Social welfare organization in Iran

The Social Security Organization (SSO) is Iran’s principal social insurance institution. It administers compulsory and voluntary insurance schemes for employees, wage earners, and segments of the self-employed population.

The organization operates under the Social Security Law adopted in 1975, which consolidated earlier pension and insurance arrangements into a single national framework.

== Coverage and legal framework ==
Iran does not operate a universal social protection system. Participation in the social insurance system is mandatory for employees under Iranian labor law, while certain self-employed groups may participate on a voluntary basis.

According to estimates published by the Statistical Center of Iran in the 1990s, more than 70 percent of the population was covered by at least one form of social insurance.

The SSO is classified as a non-governmental public institution and is primarily financed through insurance contributions. These contributions are shared between insured individuals, employers, and the state, in proportions defined by statute.

Separate pension systems exist for civil servants, members of the armed forces, law enforcement personnel, and the Islamic Revolutionary Guard Corps.

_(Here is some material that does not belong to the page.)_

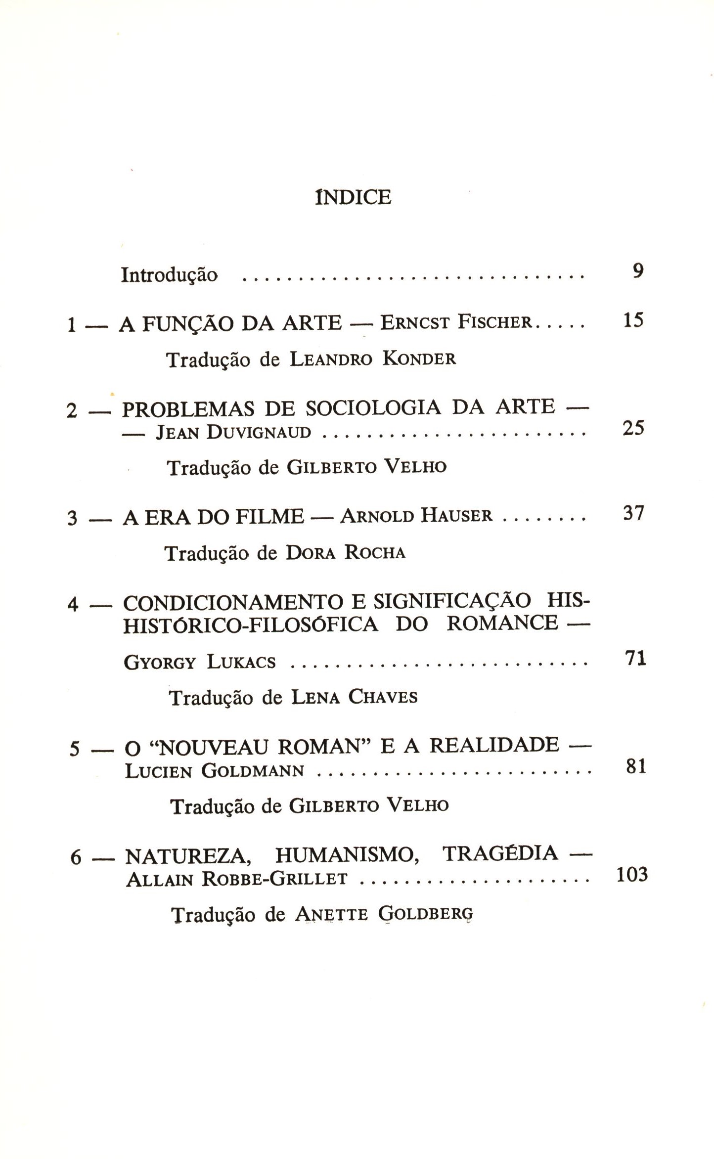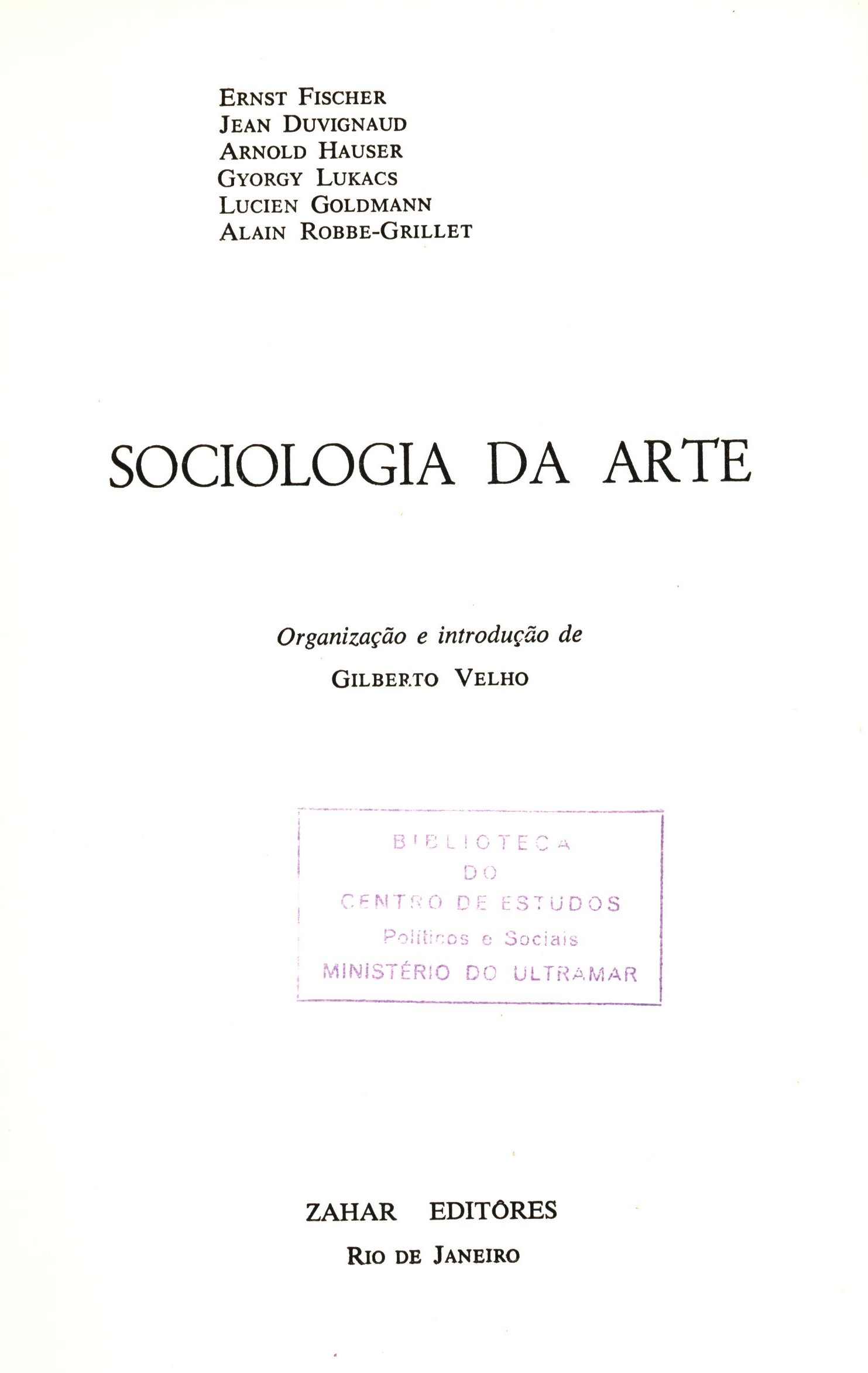 Názvové údaje Sociologia da arte Organização e introdução de Gilberto Velho Osobní jméno Velho, Gilberto (Editor) (Autor úvodu atd.) Další autoři Zahar Editores (Nakladatel, vydavatel) Nakladatel Rio de Janeiro : Zahar Editores, 1966 Rozsah 121 stran ; 21 cm ISBN (Vázáno) Edice Textos básicos de ciências sociais

== Benefits and services ==
The organization administers statutory benefits including old-age pensions, disability and survivor pensions, unemployment insurance, workplace injury compensation, and health insurance coverage through affiliated medical facilities. Additional protections apply in cases such as maternity, loss of a household breadwinner, and legally defined social vulnerability, subject to eligibility criteria established in law.

== Early retirement ==
Early retirement is permitted under defined legal conditions. Individuals aged sixty or older with fewer than ten years of contribution history may qualify for proportionate pension benefits, calculated as a partial entitlement relative to the standard pension formula.

== Financial position ==
Government arrears to the Social Security Organization have been reported by domestic and international media outlets to amount to several thousand trillion rials by the early 2020s. Fiscal pressures on the pension system were cited during the drafting of Iran’s Seventh Development Plan, which introduced statutory adjustments to retirement age thresholds and contribution periods.

== Statistics ==
The table below summarizes selected indicators reported by official and semi-official sources.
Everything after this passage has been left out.